- Born: 1969
- Other names: Maama Alice
- Citizenship: Ugandan
- Education: PhD, Masters in Education management, Bachelors in education, Diploma in education
- Occupation: Lecturer
- Employer(s): Mbarara University, Bishop Stuart University

= Alice Mwesigwa =

Ugandan educator, lecturer

Alice Mwesigwa (born 1969) is a Ugandan teacher and lecturer at Bishop Stuart University and Mbarara University of Science and Technology. As a teacher, she taught in many secondary schools including Ntare School Mbarara. Dr. Alice is a mother and a wife to Bishop Sheldon Mwesigwa of Ankole diocese.

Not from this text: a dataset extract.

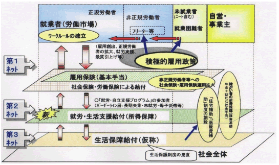また、もうひとつの事例として、社会的セーフティネットについて説明します。連合は「三層構造による社会的セーフティネット」という構想を持っています(図10)。現行の社会的セーフティネットには、図の中の第1ネット(雇用保険)と第3ネット(生活保護)しかありません。雇用労働者は失業してしまうと、まず、第1ネットの雇用保険によって最低90日間の失業手当の給付がおこなわれます。つまり、社会保険や公的な労働保険による給付があるということです。しかし、この90日間の給付が切れてしまうと、そのまま第3ネットの生活保障給付の対象となってしまうのです。連合が現在考えている社会的セーフティネットは、第1ネットと第3ネットの間に、第2ネットを作ることです。第2ネットとは、職を失った雇用保険が切れた求職者の方に月10~12万円の就労・生活支援給付を支給しながら、教育訓練を受けさせるなどを通じて支援し、なるべく早く再就業・再就職していただくことです。

== Education background ==
Alice Mwesigwa holds a PhD in Education Administration and Planning from Dar es salaam University, a Masters of Education Management and planning from University of Leeds, Bachelors in Education from Makerere University and a Diploma in Education from ITEK-Kyambogo.

== Career ==
Alice Mwesigwa started her career as a teacher in 1992 when she was posted to Kibubura Girls' School where she was appointed the patron Scripture Union. In 1995, Alice joined Ntare School where she was put in Charge of Chapel affairs.

In 2002, After Alice had finished her Masters in Education Management and Planning, she started her career as a lecturer at Uganda Christian University. Alice lecturers at Bishop Stuart University and Mbarara University of Science and Technology where she mentors students spiritually and offers counselling services which has earned her a name Maama Alice among her students.

Alice is also the president Mothers' Union Ankole diocese, vice president Mothers' Union Church of Uganda Province, Chairperson publications and communication committee at Church of Uganda Province, Member of the Church of Uganda Provincial Assembly, and also the Provincial Assembly standing committee member.